This section provides a discussion of the results obtained from comparing the performance of conventional DL algorithms, namely VGG16, VGG19, Resnet152, DenseNet, InceptionResnetV2, Xception, EfficientNetB3, etc., for rice leaf disease classification. The best-trained model was determined through a comparative analysis based on training-evaluated accuracies. The conclusion of the study indicates that the pre-trained model EfficientNetB3 achieved the highest training and evaluated accuracy, reaching 99%. Table 4 and Figure 6 show the results of traditional machine learning with dense architecture.
Further, a federated learning approach was implemented using the trained model EfficientNetB3 as a baseline model. The dataset was distributed to local machines for training, and the trained models were shared at the aggregated server end. The process was repeated for ten communication rounds with 10 epochs per round, and a validation was conducted after each round. The federated architecture consisted of one server and 10 clients with different data chunks. In federated learning, the data set is distributed to each local machine itself. Individual local machines use 10 epochs to complete one training cycle and train the model and to share their trained model with an integrated system as well. The federated average (FedAvg) function at the server end was used to train the collected models from different clients. The global model is then shared with the connected clients. Individual clients retrained the machine using the global model as a baseline after receiving the global model. The distributed data is both of type IID, i.e., identical and independent, and non-IID. In Table 5 and Table 6, the results of federated learning with IID data and non-IID data are discussed.
Figure 7 shows the accuracy and loss results for ten communication rounds, i.e., C-0 to C-9. After ten communication rounds, the training accuracy was 0.99 and the training loss was 0.006 when the data were distributed identically and independently. For non-IID training, accuracy and loss were 0.99 and 0.04, respectively. The evaluated accuracy and loss were 0.99 and 0.03 for IID data, and for non-IID data, the maximum evaluated accuracy was 0.95 and the maximum evaluated loss was 0.08. The performance of federated deep learning was found to be comparable to that of traditional single or baseline machine learning approaches as both achieved similar levels of validation accuracy, i.e., 99.9%, despite differences in their implementation.
Table 7 and Figure 8 depict the results based on various performance parameters such as accuracy, loss, precision, and recall-rate for IID and non-IID data. This suggests that federated deep learning can achieve comparable results to traditional approaches while preserving the fundamental principles of deep learning.

5. Discussion

The proposed model exhibits a superior performance compared to other related studies using the same dataset. In this section, we compared our suggested model with previously published techniques using the same rice leaf disease image dataset. We presented the results of the federated learning (FL) technique on both IID and non-IID datasets, employing various pre-trained models for rice leaf disease classification while maintaining data privacy at the farmer’s site. Table 8 illustrates that several researchers have developed suitable frameworks for the early detection of rice leaf disease with high accuracy parameters; however, none of them focused on data preservation at the client’s site. Sethy et al. [33] and Sharma et al. [38] achieved results similar to ours, but they did not prioritize data preservation. In contrast, our proposed model achieved an impressive 99% accuracy while ensuring data preservation.
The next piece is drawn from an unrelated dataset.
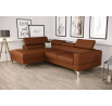 NAROŻNIK TOSCANIA MINI SKÓRA NATURALNA 170x250 CM Narożnik Toscania Mini skóra naturalna to kolejny element kolekcji mebli tapicerowanych Toscania. Powstała ona z myślą o wszystkich, którzy cenią sobie nowoczesny design i jednocześnie oczekują wysokiego komfortu. Funkcję spania rozkładaną na automacie Delfin łatwo zmienisz sofę w łóżko dla gości, zapewniając wygodne miejsce do wypoczynku w kilka chwil. Pojemnik, wykonany w całości z trwałej płyty laminowanej, oferuje praktyczne rozwiązanie na przechowywanie pościeli lub innych przedmiotów, pomagając utrzymać porządek. Dwie wersje nóg do wyboru – metalowe szpilki w kolorze srebrnym lub czarnym. Pozwalają na dopasowanie mebla do indywidualnych potrzeb i stylistyki wnętrza. Nogi o wysokości 13 cm nie tylko nadają elegancji, ale także ułatwiają sprzątanie przy użyciu robotów odkurzających typu I-Robot. Regulowane zagłówki z możliwością dostosowania do indywidualnych potrzeb gwarantują maksymalny komfort, podczas gdy zagłówek narożny stały zapewnia stabilność i wygodę. Ozdobne przeszycia oraz starannie wykonane pikowanie na siedziskach i bokach dodają sofie elegancji i podkreślają jej wysoką jakość. Siedzisko stworzone z użyciem sprężyn falistych oraz nowoczesnej pianki T35+HR. Zapewnia to doskonałe podparcie, komfort i trwałość, czyniąc mebel idealnym wyborem dla wymagających użytkowników. Sprawdź pozostałe narożniki ze skóry naturalnej. Wykonanie Wszystkie elementy produktu narożnik Toscania Mini zostały obszyte grubym szwem, co stanowi ozdobę i wzmacnia połączenia tkanin. Siedziska zbudowaliśmy na sprężynach falistych oraz piance wysoko elastycznej (połączenie najlepszych jakościowo pianek T35 i HR), co sprawiło, że są one średnio miękkie a jednocześnie bardzo wytrzymałe. Stelaże wykonujemy z drewna i płyty meblowej, dlatego nasze meble są solidnie wykonane, a cena idzie zawsze w parze z jakością. Wzornik skór naturalnych: Madras jednokolorowy półmat, symbol K Madras antykowany połysk, cieniowana, symbole A, C, S Federica pół-połysk, symbol G Skóry mogą wykazywać delikatne różnice w kolorystyce, strukturze powierzchni i mogą posiadać drobne blizny. Wynika to z naturalnego środowiska, w którym żyły zwierzęta i nadaje skórze jak i meblom indywidualny charakterystyczny. Prosimy o przemyślane zakupy. Meble ze skóry naturalnej są wykonywane na zamówienie indywidualne i nie podlegają zwrotowi. Wirtualna galeria Już teraz możesz obejrzeć nasze realizacje bez wychodzenia z domu, ponieważ udostępniliśmy dla Ciebie GALERIĘ. Miłego oglądania! Meble do samodzielnego montażu. Mebel z funkcją rozkładania do spania okazjonalnego. Do spania codziennego rekomendujemy sofy typu DL. Funkcja spania wykonywana jest w tkaninie zastępczej.

6. Conclusions and Future Work

In the modern era, it is essential to classify rice leaf disease while preserving data privacy. This manuscript discusses the use of lightweight federated deep learning to implement rice leaf disease classification. Firstly, pre-trained models such as EfficientNet, VGG19, Resnet152, VGG16, and Xception were implemented and analysed. As compared to the other mentioned algorithms, the evaluated accuracy of EfficientNetB3 is 99%. Once the best-performing model is identified, i.e., EfficientNetB3, consider this the baseline model for federated learning. Further, federated learning was implemented using EfficientNetB3 for rice leaf disease classification. As per the analysis of the federated deep learning ecosystem, EfficientNetB3 resulted in 99% training and evaluated accuracies with minimum losses of 0.006 and 0.03 for IIDs (when data is identically distributed to all clients) and for non-IIDs (data is not identically distributed), respectively. The training accuracy was 99% with a minimum loss of 0.04, and the evaluated accuracy was 95% with a loss of 0.08. The results obtained in the federated deep learning ecosystems were found to be very similar to those obtained in the baseline machine learning ecosystem. Based on the analysis, it was concluded that the proposed system performs better in terms of resource utilisation and data privacy in the federated deep learning ecosystem and also achieves classification results that are very similar to those of the baseline machine learning system. In the future, the results will be implemented using IoT technology to identify rice leaf diseases [41]. Additionally, to address privacy concerns in the federated ecosystem, encryption techniques could be implemented when sharing trained models.

Author Contributions

Study conception and design: M.A., V.K., N.G. and A.A.; data collection: M.A., V.K., N.G. and A.S.; methodology: M.A., V.K., N.G. and M.A.A.; analysis and interpretation of results: M.A., V.K. and N.G.; draft manuscript preparation: M.A., V.K., N.G., A.A., M.A.A. and A.S.; supervision: V.K., N.G. and A.S.; project administration: V.K., N.G., A.A., M.A.A. and A.S.; funding acquisition: A.A., M.A.A. and A.S. All authors have read and agreed to the published version of the manuscript.

Funding

The authors would like to thank the Deanship of Scientific Research at Umm Al-Qura University for supporting this work by Grant Code: (22UQU4330898DSR02).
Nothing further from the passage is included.